Buyers of fibre destined for the routine trade would not be willing to pay much above $AU15 per kilo. On the other hand, fibre destined for the luxury trade where garments sell for hundreds and even thousands of dollars can be expected to reach $AU30 to $AU70 per kilo. These prices offer a sustainable and viable outcome for alpaca breeders.

In Australia, the Ultrafine Bale scheme has secured such prices for alpaca breeders and owners.

Operating for at least 6 years, the scheme involves collecting sub 19 micron white huacaya fleeces from around Australia using the Premium Alpaca concept. The fleeces are subject to Premium Alpaca's shearing and fleece preparation protocols to ensure a high level of quality assurance. The fleeces are grid tested using OFDA2000 technology to test for minimum acceptable levels of average fibre diameter, staple length and comfort factor. The fleeces are then skirted a second time to ensure consignments are relatively free of contamination and coarse fibres before consigning to the ultrafine bale.

The ultrafine bales have now a reputation for being used by fashion houses over the world to be eventually worn as high quality apparel. The fibre is marketed as 'Ultrafine Alpaca - Nature's Luxury'.

The benefit to growers is that the fibre is purchased for up to $70 per kilo, giving clear profit margins after shearing costs. Further, the market impact of the bales has successfully been used to market all alpaca fibre types including broader microns, coloured fibres and hopefully in the near future, suri fibre.

The success of this venture, however, relies on its ability to go toe to toe with other luxury fibres such as cashmere and mohair. For this reason, the ultrafine bale scheme, through the Premium Alpaca concept, has embraced all relevant commercial procedures such as exceeding industry standards for bale weights, ensuring all bales are accredited under the core sampling and testing procedures and providing assurances of continuity of supply of uniform product.

Tangible proof of the Ultrafine bale scheme came this month in the form of the world record finest alpaca bale achieving the highest price ever paid for a bale of alpaca. The record breaking bale had an accredited core test result of 17.8 microns, weighed 112 kilos (almost 250 pounds) and achieved a price of $AU7,000 or about $AU62 per kilo. The bale was bought by Keenan Scott of Waiheke Alpaca of New Zealand and is to be processed into luxury 'next to skin' wear.

The most important aspect of this sale, however, is the fact that it is linked to an on-going arrangement to purchase as much ultrafine alpaca fibre as we can supply for the same per kilo price, based on the grid test results of the respective fleeces. Mr Scott will be releasing more details of the venture in coming months.
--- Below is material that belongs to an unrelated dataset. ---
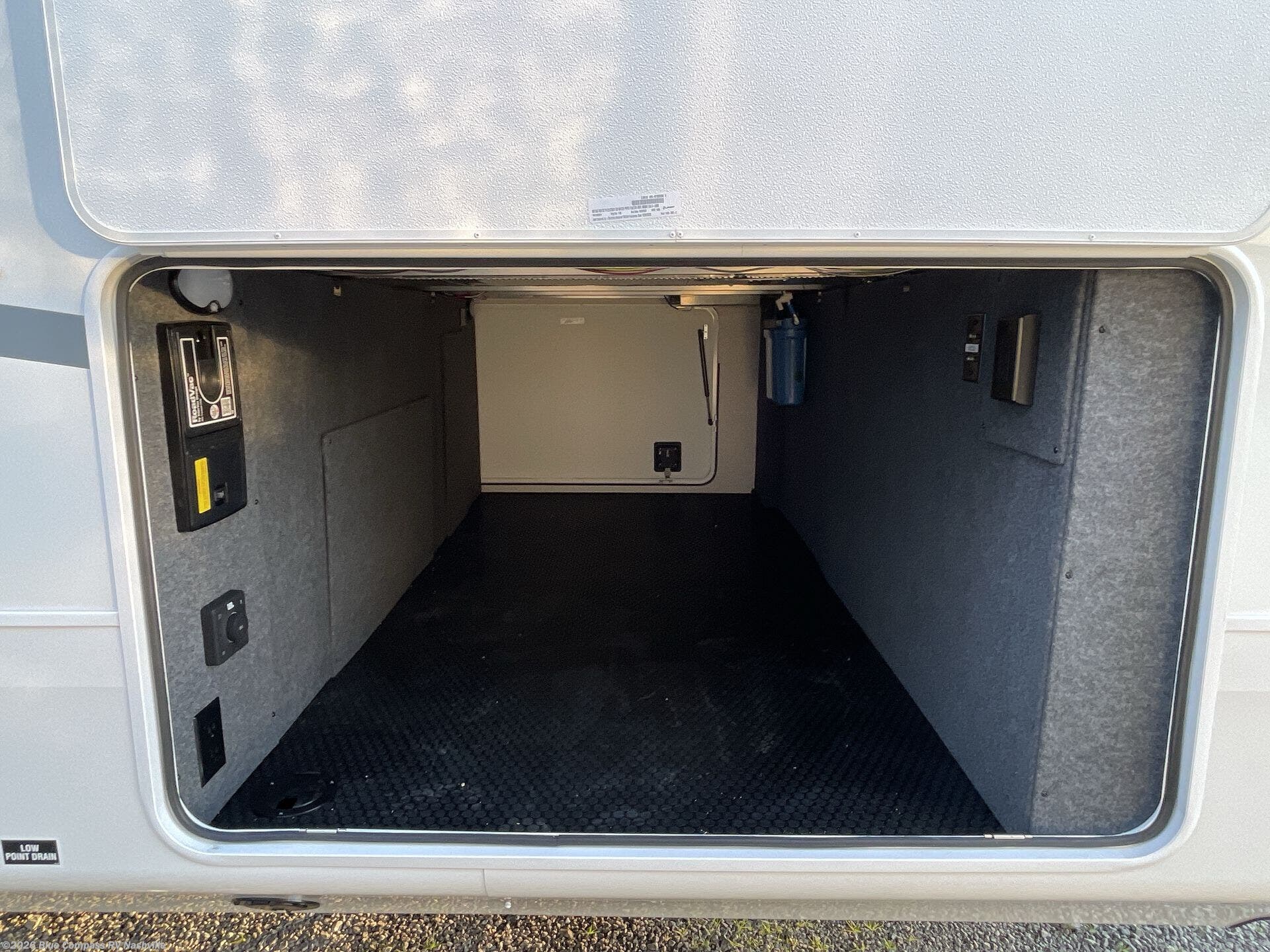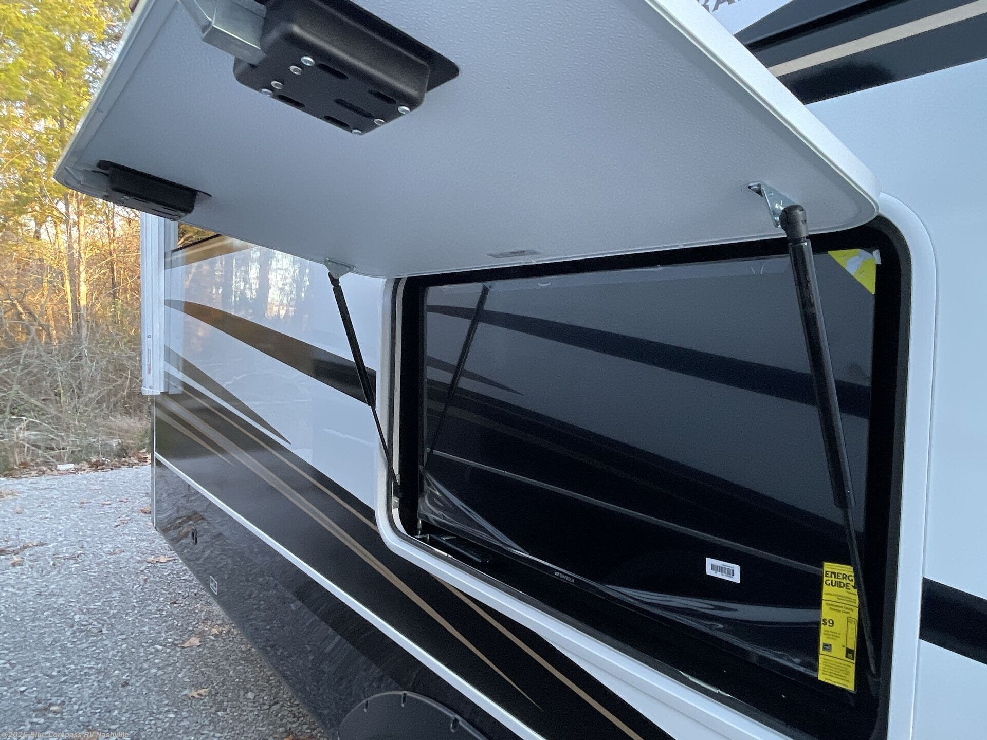 You can't go wrong with this fifth wheel that can sleep four! You will love how much space you have in the main living area thanks to the dual opposing slides, and there is a kitchen island here with a pull-out extension for added prep space. The convenient half bath is right off of the kitchen for quick restroom breaks, and you'll find a shoe garage and a wardrobe just as you enter the unit to keep the RV tidy. Head to the master bedroom for a rest on the king bed slide out, or you may want to watch a show on the 32" bedroom TV. The front master bath may be your favorite feature of this unit. Here, you'll find a spacious counter sink, a walk-in shower with a seat, plus a spacious walk-in closet for your clothes. And don't overlook the exterior with its two power awnings, 32" exterior TV, and a Jayport with LP quick connect for your outdoor grill.
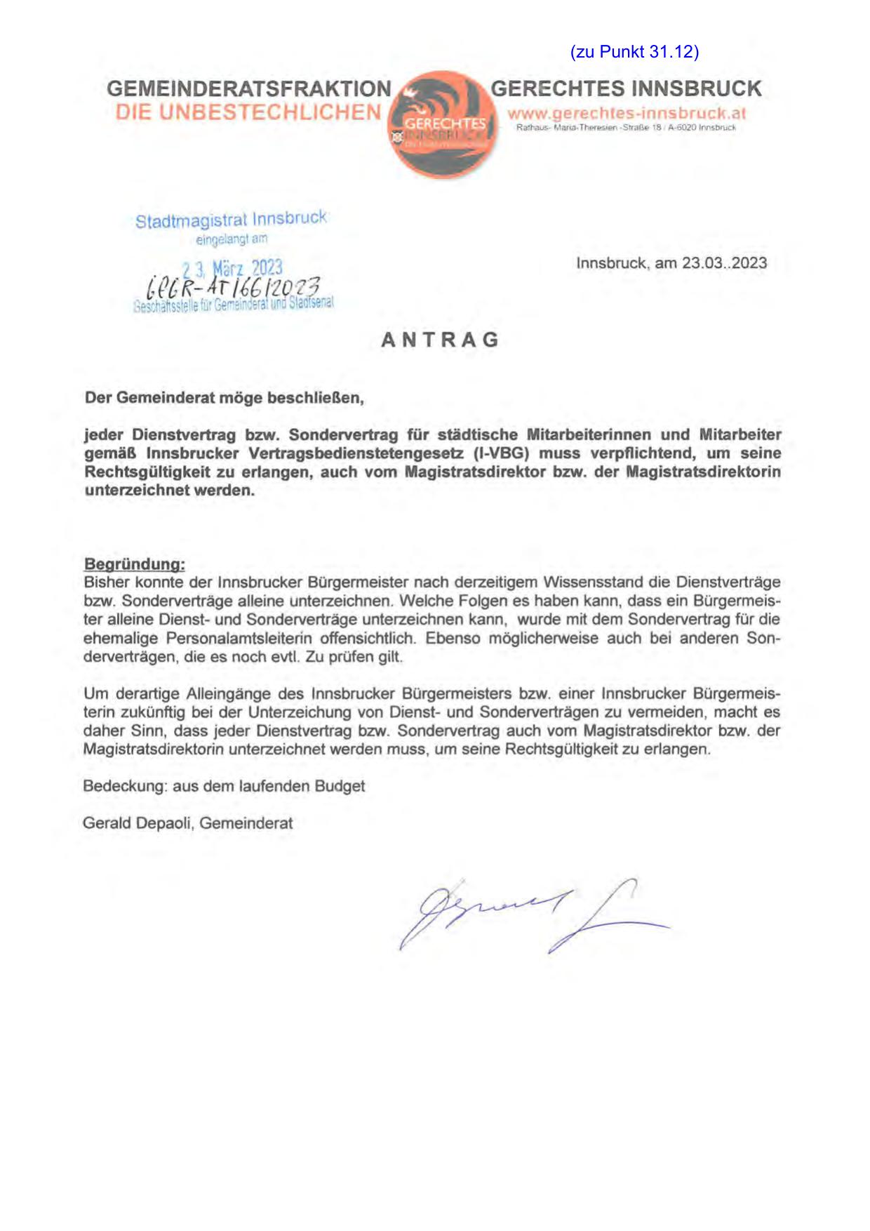 Um derartige Alleingänge des lnnsbrucker Bürgermeisters bzw. einer lnnsbrucker Bürgermeisterin zukünftig bei der Unterzeichung von Dienst- und Sonderverträgen zu vermeiden, macht es

During discussions with Mr Scott, he made it clear that he was drawn to the Premium Alpaca consignments, in particular the Ultrafine Bale, because of the stringent and commercial based QA protocols adopted. His view was that this is the way alpaca fibre needs to be marketed.

 In proclaiming the successes of the Ultrafine Scheme, the fact remains that many alpaca breeders are content to supply broader categories to, say, home spinners, many are not bothered with commercial returns for their fibre and many would respond with comments such as 'this has nothing to do with my alpaca herd'. And these breeders would have every right to do so - obviously.

For those breeders, however, who seek a viable alpaca fleece industry, this scheme provides a vision and a key to opening doors of opportunity. Combined with effective genetic selection, I can see the outcomes of this scheme resulting in alpacas producing fleeces worth hundreds of dollars over their lifetime - and I am not just talking about white huacaya alpacas.

As we are already witnessing with the Ultrafine Bale scheme, a viable alpaca fleece industry is achievable - providing we adopt a 'can do' approach to a visionary outlook.